Guerrero v. Brown's Lumber Co.
Before: Warne
WARNE, J. pro tem.
*
This is the second appeal in this personal injury action. The first appeal was by the plaintiff from a judgment entered upon a verdict in favor of the defendants. That judgment was reversed. As one of the grounds for reversal this court held that the trial court erred in refusing to give an instruction requested by the plaintiff on the doctrine of res ipsa loquitur, which left the jury entirely free to determine whether the necessary elements of the doctrine were present.
(Guerrero
v.
Westgate Lumber Co.,
164 Cal.App.2d 612 [331 P.2d 107].)
The present appeal is by the defendants from a judgment on a verdict awarding plaintiff damages at the conclusion of the second trial.

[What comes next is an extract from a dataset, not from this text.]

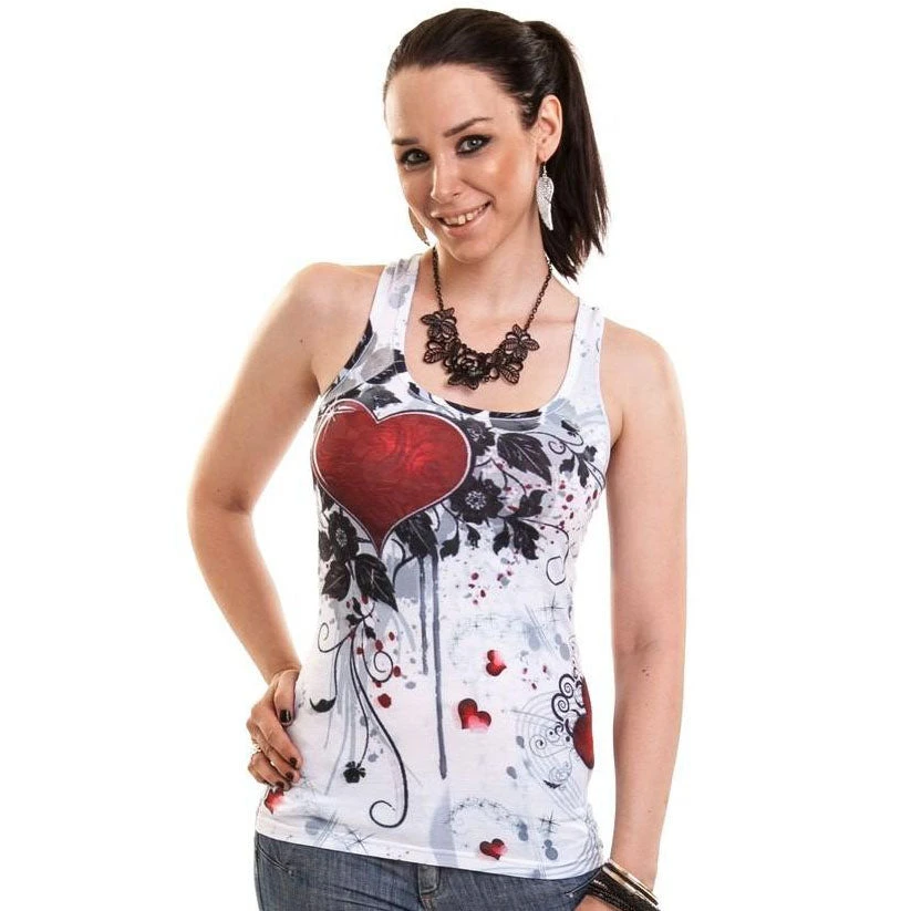 From the makers of Poizen Industries, this fitted sleeveless gothic vest top features a floral lace back panel and is adorned with red hearts and black swirls which entwine, almost in a tattoo style design. The design is also printed on the back of the vest in the lace.

The evidence produced at the second trial is for the most part the same as that adduced at the first. However, it is different in some material respects as will be pointed out later in this opinion.
At the second trial the court, at plaintiff’s request, instructed the jury on the doctrine of res ipsa loquitur as follows:
“From the happening of the accident involved in this case, an inference arises that a proximate cause of the occurrence was some negligent conduct on the part of the defendant, Forrest Roy Stillwell. That inference is a form of evidence and unless there is contrary evidence sufficient to meet or balance it, the jury should find in accordance with the inference.
“When there is any evidence to the contrary, you must weigh all of the evidence bearing upon the issue of defendant’s negligence. If the evidence tending to prove that the accident was caused by a failure of the defendant to exercise the care required of him has greater weight than the evidence
[532]
to the contrary, you will find in favor of the plaintiff on that issue.
“In order to meet or balance the inference of negligence, the defendant must present evidence to show either (1) a satisfactory explanation of the accident, that is a definite cause for the accident, in which there is not negligence on the part of the defendant, Forrest Boy Stillwell, or (2) such care on the part of that defendant that leads to the conclusion that the accident did not happen because of want of care by him, but was due to some other cause, although the exact cause may be unknown. If such evidence has at least as much convincing force as the inference and other evidence, if any, supporting the inference, then you will find against the plaintiff on that issue.”